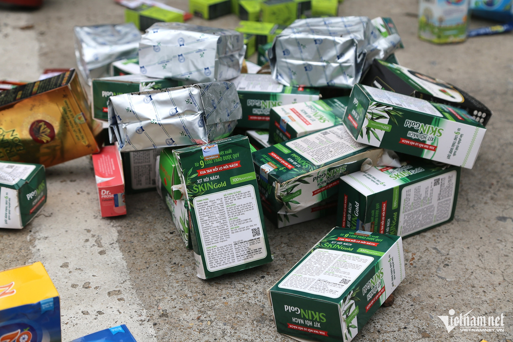 Những hộp thực phẩm chức năng này chưa được sử dụng, chủ yếu là siro, nước yến sào, đông trùng hạ thảo, thực phẩm bổ sung vitamin. Ngoài số thực phẩm chức năng trên, tại bãi rác cơ quan chức năng còn phát hiện thuốc nhuộm tóc, lọ xịt hôi nách...
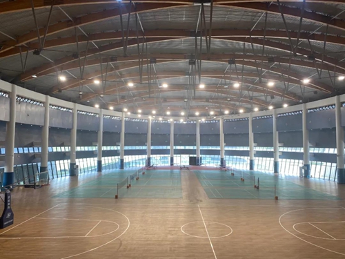 “天府小巨蛋”面積約4611平方米,位于飛行保障園區(qū)中心位置,分為地上兩層,地下局部一層。一層布置有球場、器械室、空調(diào)機房、男女衛(wèi)生間及淋浴室等,二層為音控室、管理用房等,負(fù)一層為健身房等;一層內(nèi)部球場布置有1個籃球場,8個羽毛球場,8個乒乓球桌,滿足多種運動需求。
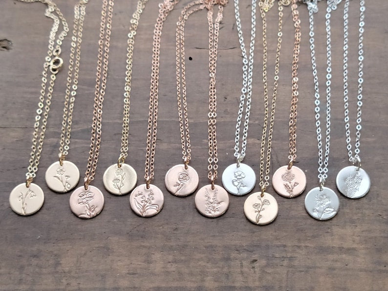 • Size: 13mm round pendant personalized with an original HV Birth Flower Design Stamp ∙ 8mm round custom initial pendant
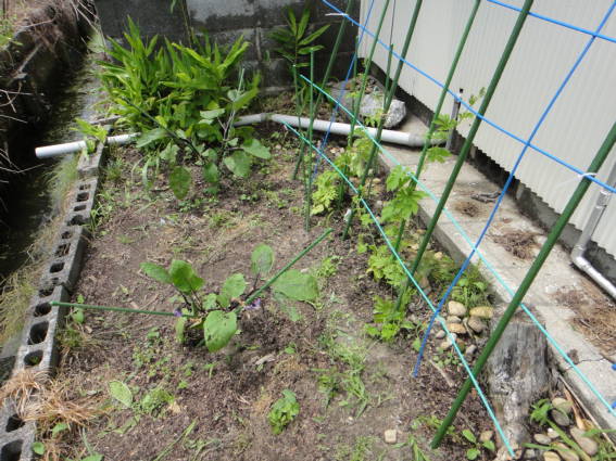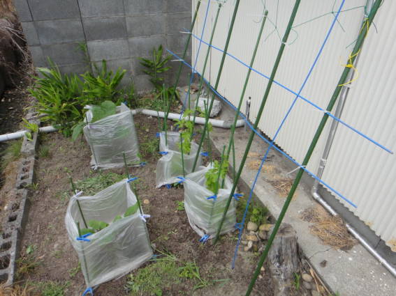 ナス2本の支柱を立て ゴーヤも支柱に誘引しました
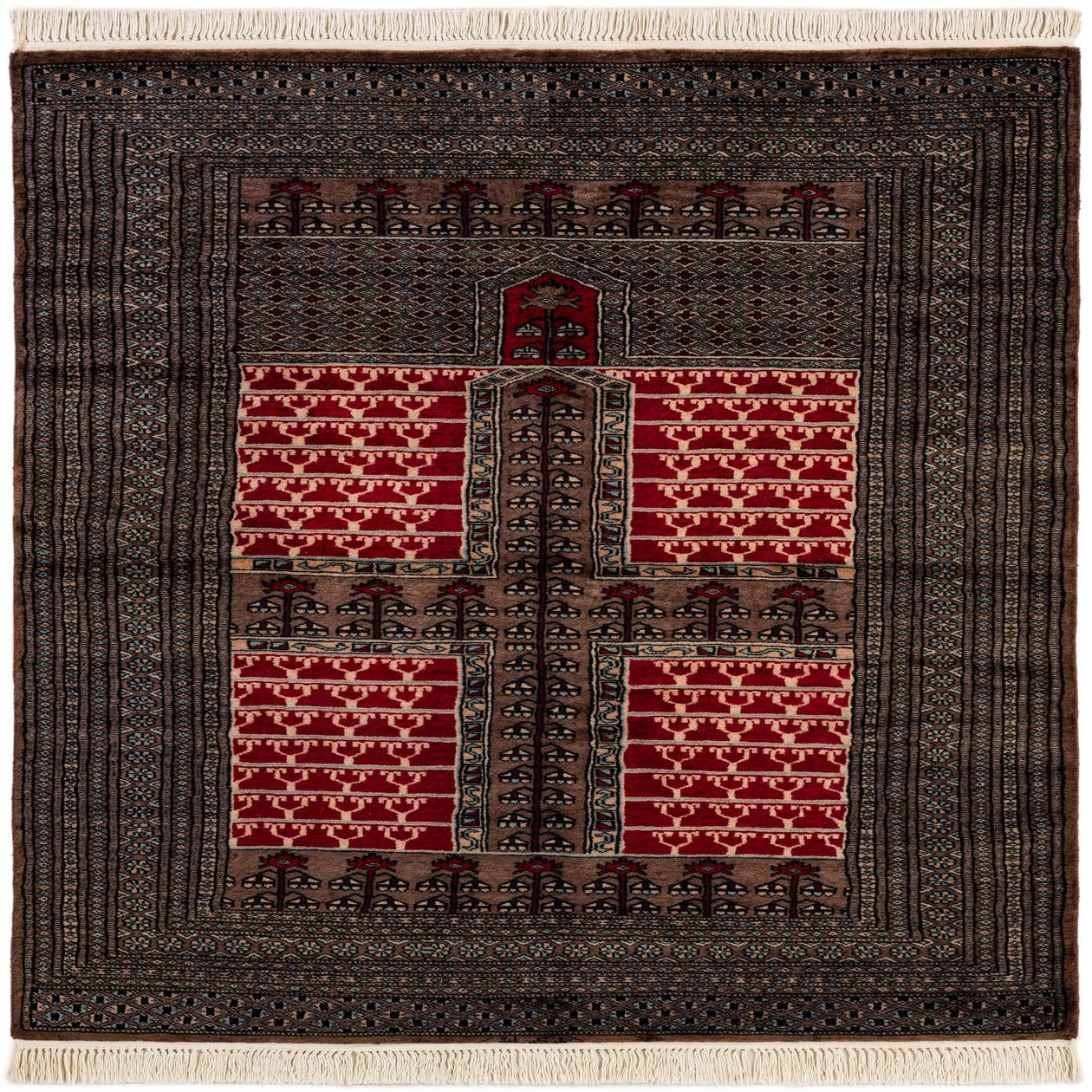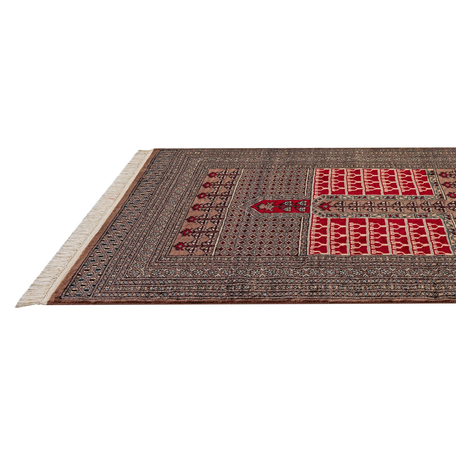 A 4x6 rectangular Bokhara tribal rug featuring a rich red and brown pattern with intricate geometric and floral motifs, handmade from wool.

※

Task directions —
In your copy of the material, every word must match and no image should appear.

Exercise solution —
 Những hộp thực phẩm chức năng này chưa được sử dụng, chủ yếu là siro, nước yến sào, đông trùng hạ thảo, thực phẩm bổ sung vitamin. Ngoài số thực phẩm chức năng trên, tại bãi rác cơ quan chức năng còn phát hiện thuốc nhuộm tóc, lọ xịt hôi nách...
 “天府小巨蛋”面積約4611平方米,位于飛行保障園區(qū)中心位置,分為地上兩層,地下局部一層。一層布置有球場、器械室、空調(diào)機房、男女衛(wèi)生間及淋浴室等,二層為音控室、管理用房等,負(fù)一層為健身房等;一層內(nèi)部球場布置有1個籃球場,8個羽毛球場,8個乒乓球桌,滿足多種運動需求。
 • Size: 13mm round pendant personalized with an original HV Birth Flower Design Stamp ∙ 8mm round custom initial pendant
 ナス2本の支柱を立て ゴーヤも支柱に誘引しました
 A 4x6 rectangular Bokhara tribal rug featuring a rich red and brown pattern with intricate geometric and floral motifs, handmade from wool.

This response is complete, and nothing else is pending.